TASK STATEMENT: Reproduce the data below exactly as written. Pictures do not belong in the copy.

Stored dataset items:
•••••

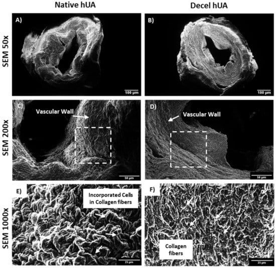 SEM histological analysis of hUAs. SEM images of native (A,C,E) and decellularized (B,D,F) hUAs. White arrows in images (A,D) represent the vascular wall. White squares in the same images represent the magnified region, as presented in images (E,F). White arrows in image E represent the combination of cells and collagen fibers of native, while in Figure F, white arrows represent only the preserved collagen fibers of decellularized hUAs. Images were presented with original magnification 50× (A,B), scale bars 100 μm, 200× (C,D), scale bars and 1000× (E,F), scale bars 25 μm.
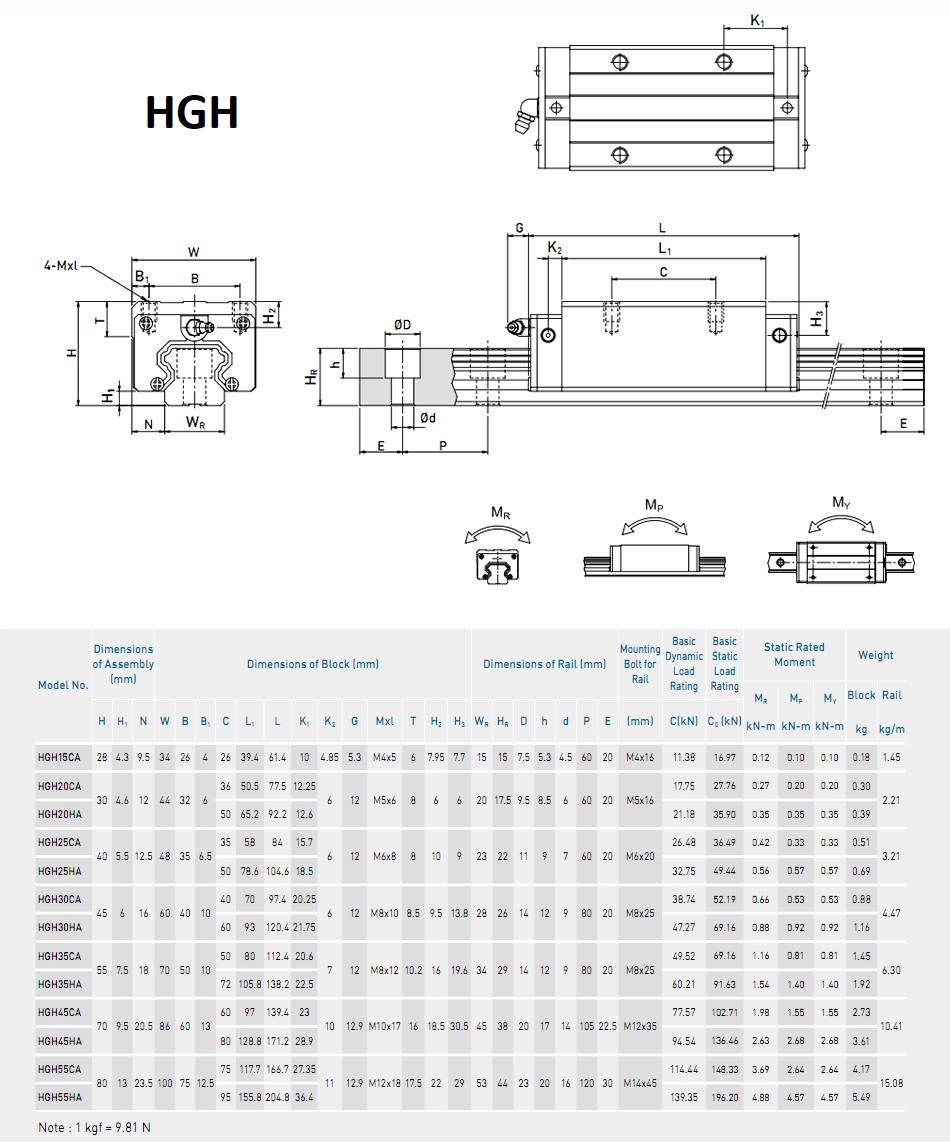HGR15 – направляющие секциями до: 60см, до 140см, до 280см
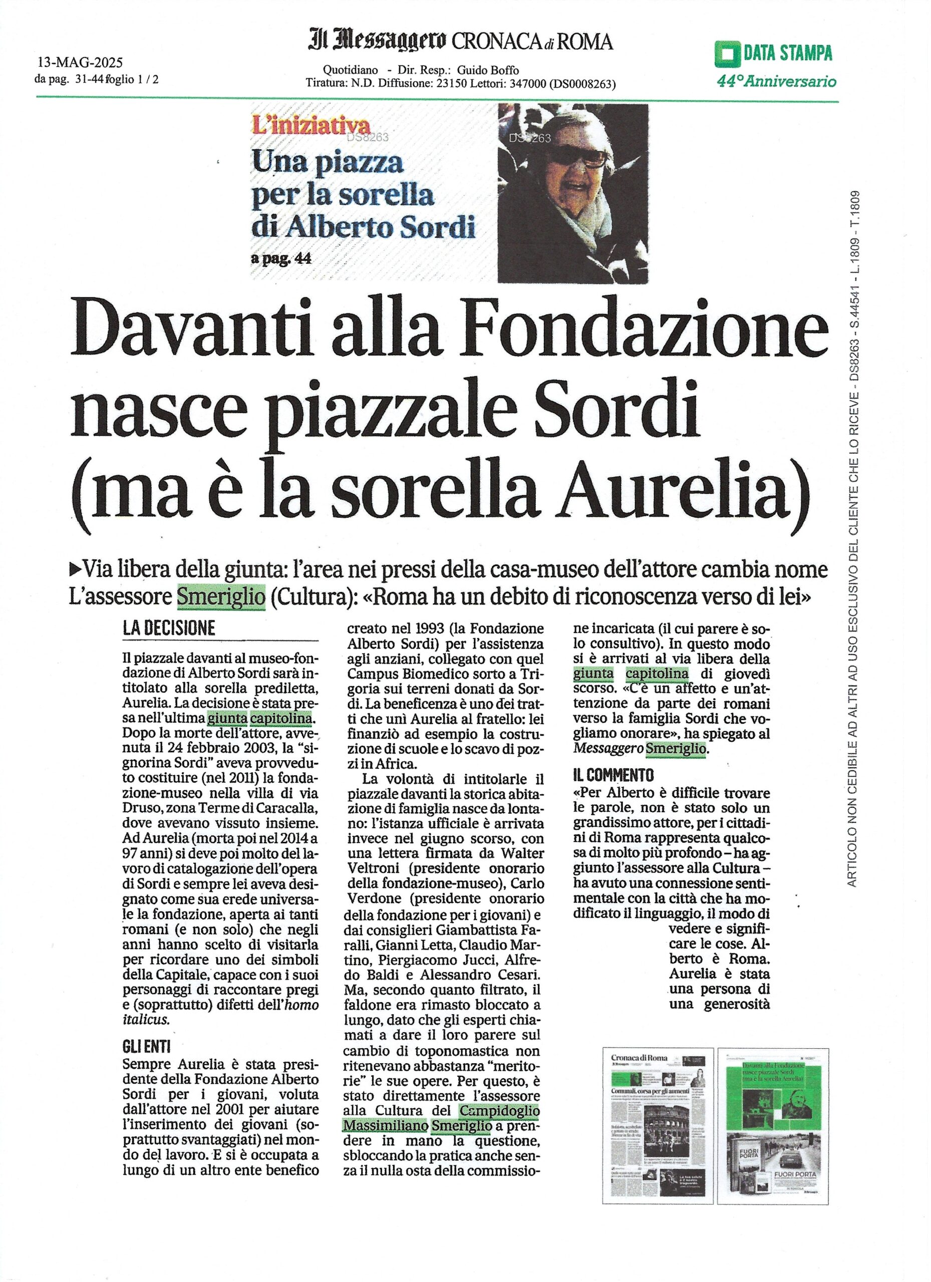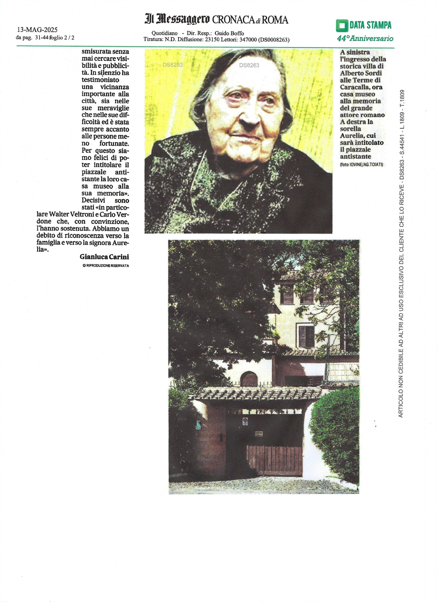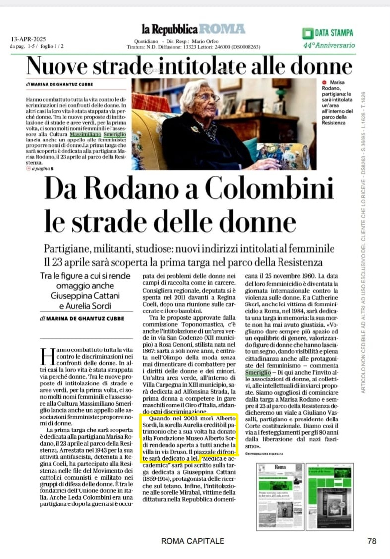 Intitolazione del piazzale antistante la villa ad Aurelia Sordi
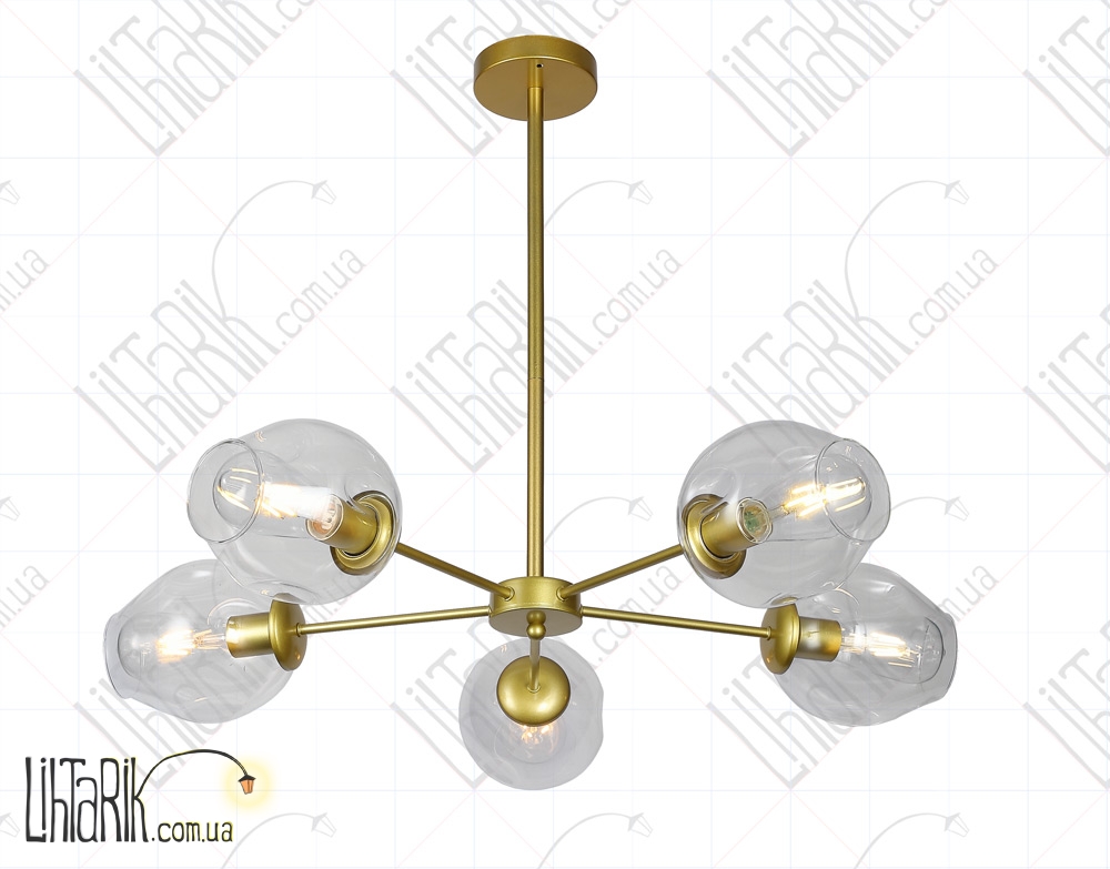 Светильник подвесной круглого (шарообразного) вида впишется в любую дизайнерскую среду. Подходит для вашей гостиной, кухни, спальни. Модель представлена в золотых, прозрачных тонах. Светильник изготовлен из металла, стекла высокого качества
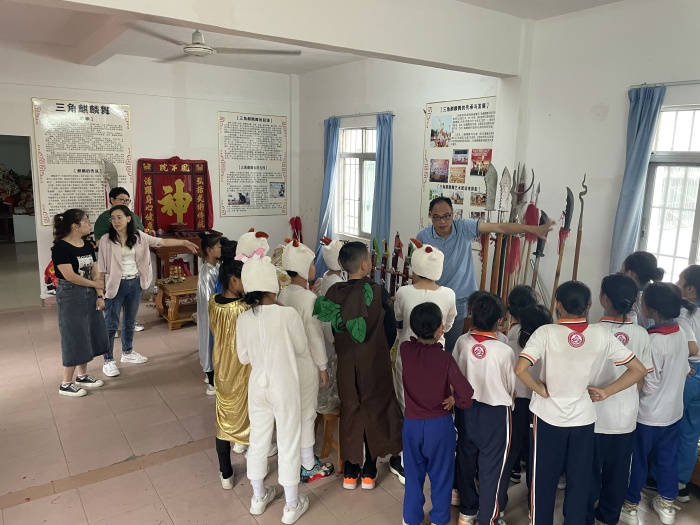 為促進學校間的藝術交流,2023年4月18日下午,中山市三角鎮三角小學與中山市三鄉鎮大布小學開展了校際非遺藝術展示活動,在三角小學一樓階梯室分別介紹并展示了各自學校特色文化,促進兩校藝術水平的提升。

•••••

RESPONSE AREA:
 SEM histological analysis of hUAs. SEM images of native (A,C,E) and decellularized (B,D,F) hUAs. White arrows in images (A,D) represent the vascular wall. White squares in the same images represent the magnified region, as presented in images (E,F). White arrows in image E represent the combination of cells and collagen fibers of native, while in Figure F, white arrows represent only the preserved collagen fibers of decellularized hUAs. Images were presented with original magnification 50× (A,B), scale bars 100 μm, 200× (C,D), scale bars and 1000× (E,F), scale bars 25 μm.
HGR15 – направляющие секциями до: 60см, до 140см, до 280см
 Intitolazione del piazzale antistante la villa ad Aurelia Sordi
 Светильник подвесной круглого (шарообразного) вида впишется в любую дизайнерскую среду. Подходит для вашей гостиной, кухни, спальни. Модель представлена в золотых, прозрачных тонах. Светильник изготовлен из металла, стекла высокого качества
 為促進學校間的藝術交流,2023年4月18日下午,中山市三角鎮三角小學與中山市三鄉鎮大布小學開展了校際非遺藝術展示活動,在三角小學一樓階梯室分別介紹并展示了各自學校特色文化,促進兩校藝術水平的提升。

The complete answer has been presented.